- The Washington Times - Tuesday, August 30, 2005

President Bush yesterday sought to connect the U.S. mission in Iraq with World War II, telling Navy sailors and veterans in California that America must maintain the same kind of resolve that led to the defeat of Japan.

At celebrations ahead of the 60th anniversary of Japan’s surrender, Mr. Bush said, “We are again a nation at war” and “must not forget the lessons of the past.”

“Once again, war came to our shores with a surprise attack that killed thousands in cold blood. Once again, we face determined enemies who follow a ruthless ideology that despises everything America stands for,” Mr. Bush said at the Naval Air Station North Island, with a backdrop of the USS Ronald Reagan, the Navy’s newest aircraft carrier.

“And once again, we will not rest until victory is America’s and our freedom is secure. … We will never let the new enemies of a new century destroy with cowardice what these Americans built with courage,” Mr. Bush said to the audience, which included WWII veterans.

Mr. Bush compared his resolve to President Franklin D. Roosevelt’s in the 1940s and said America’s mission in Iraq is to turn it into a democratic ally like Japan after its 1945 surrender.

“Franklin Roosevelt refused to accept that democracy was finished. His optimism reflected his belief that the enemy’s will to power could not withstand our will to live in freedom,” Mr. Bush said.

But Democrats said Mr. Bush, whose poll numbers have plummeted in recent weeks as anti-war demonstrators have garnered nationwide press coverage, is failing in his effort to lay out an exit plan for U.S. troops in Iraq.

“Democratic Presidents Roosevelt and Truman led America to victory in World War II because they laid out a clear plan for success to the American people, America’s allies and America’s troops,” said Democratic National Committee Chairman Howard Dean.

“President Bush has failed to put together a plan, so despite the bravery and sacrifice of our troops, we are not making the progress that we should be in Iraq. The troops, our allies and the American people deserve better leadership from our commander in chief,” he said.

For the first time in recent months, Mr.

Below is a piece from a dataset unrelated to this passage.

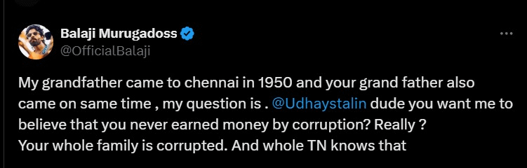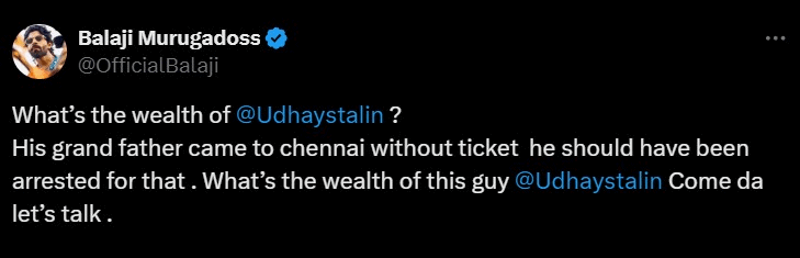 இதனால் கடுப்பான பாலாஜி முருகதாஸ் தற்பொழுது அமைச்சர் உதயநிதி ஸ்டாலின் அவர்களையும் முன்னாள் முதல்வர் கலைஞர் அவர்களை குறித்தும் சர்ச்சைக்குரிய கேள்விகளை கேட்டுள்ளது இணையத்தை சற்று சூடாக்கியுள்ளது. பாலாஜி முருகதாஸ் தனது எக்ஸ் தள பதிவில் ‘உதயநிதி ஸ்டாலினுக்கு எப்படி இவ்வளவு பணம் வந்தது..?அவரது தாத்தா ட்ரெயினில் வித்அவுட் டிக்கெட்டில் வந்ததற்கு கைது செய்திருக்க வேண்டும், இப்படி இருக்க எப்படி உதயநிதி ஸ்டாலினுக்கு இவ்வளவு சொத்து வந்தது!!?? பதில் சொல்லுங்கடா..’ என்று காட்டமாக பதிவிட்டுள்ளார்.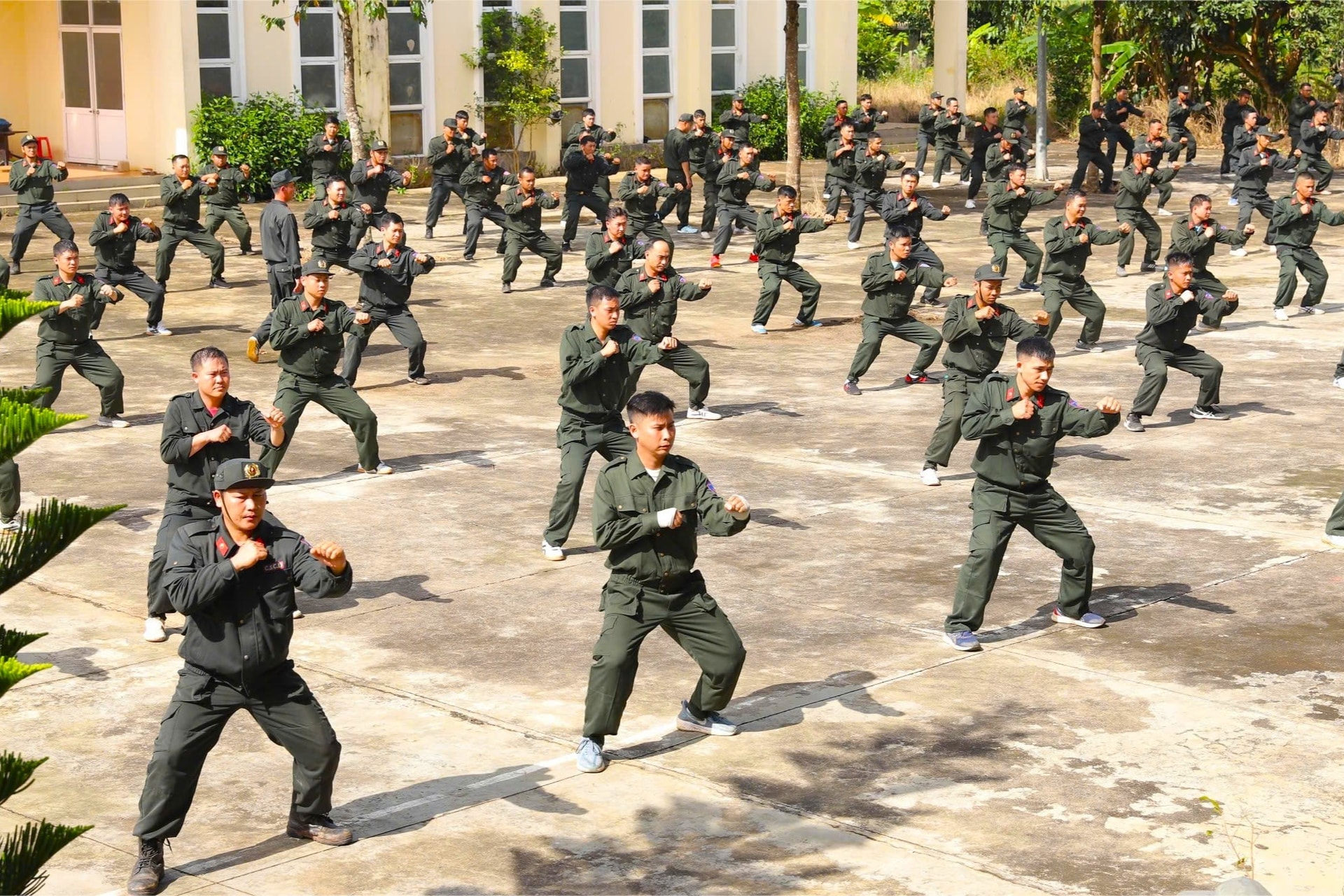 Cán bộ, chiến sĩ tập luyện các bài võ thuật Công an nhân dân

Bush said the United States cannot allow Iraq’s vast oil fields to fall into the hands of terrorists such as Abu Musab Zarqawi and Osama bin Laden.

“If Zarqawi and bin Laden gain control of Iraq, they would create a new training ground for future terrorist attacks,” he said. “They’d seize oil fields to fund their ambitions. They could recruit more terrorists by claiming a historic victory over the United States and our coalition.”

After the speech, Mr. Bush returned to Texas to prepare to fly back to the nation’s capital today — two days ahead of schedule. This afternoon, he will meet with the heads of federal agencies dealing with relief efforts related to Hurricane Katrina.

The White House said yesterday that there have been “initial discussions” about a presidential visit to affected areas — likely by the end of the week.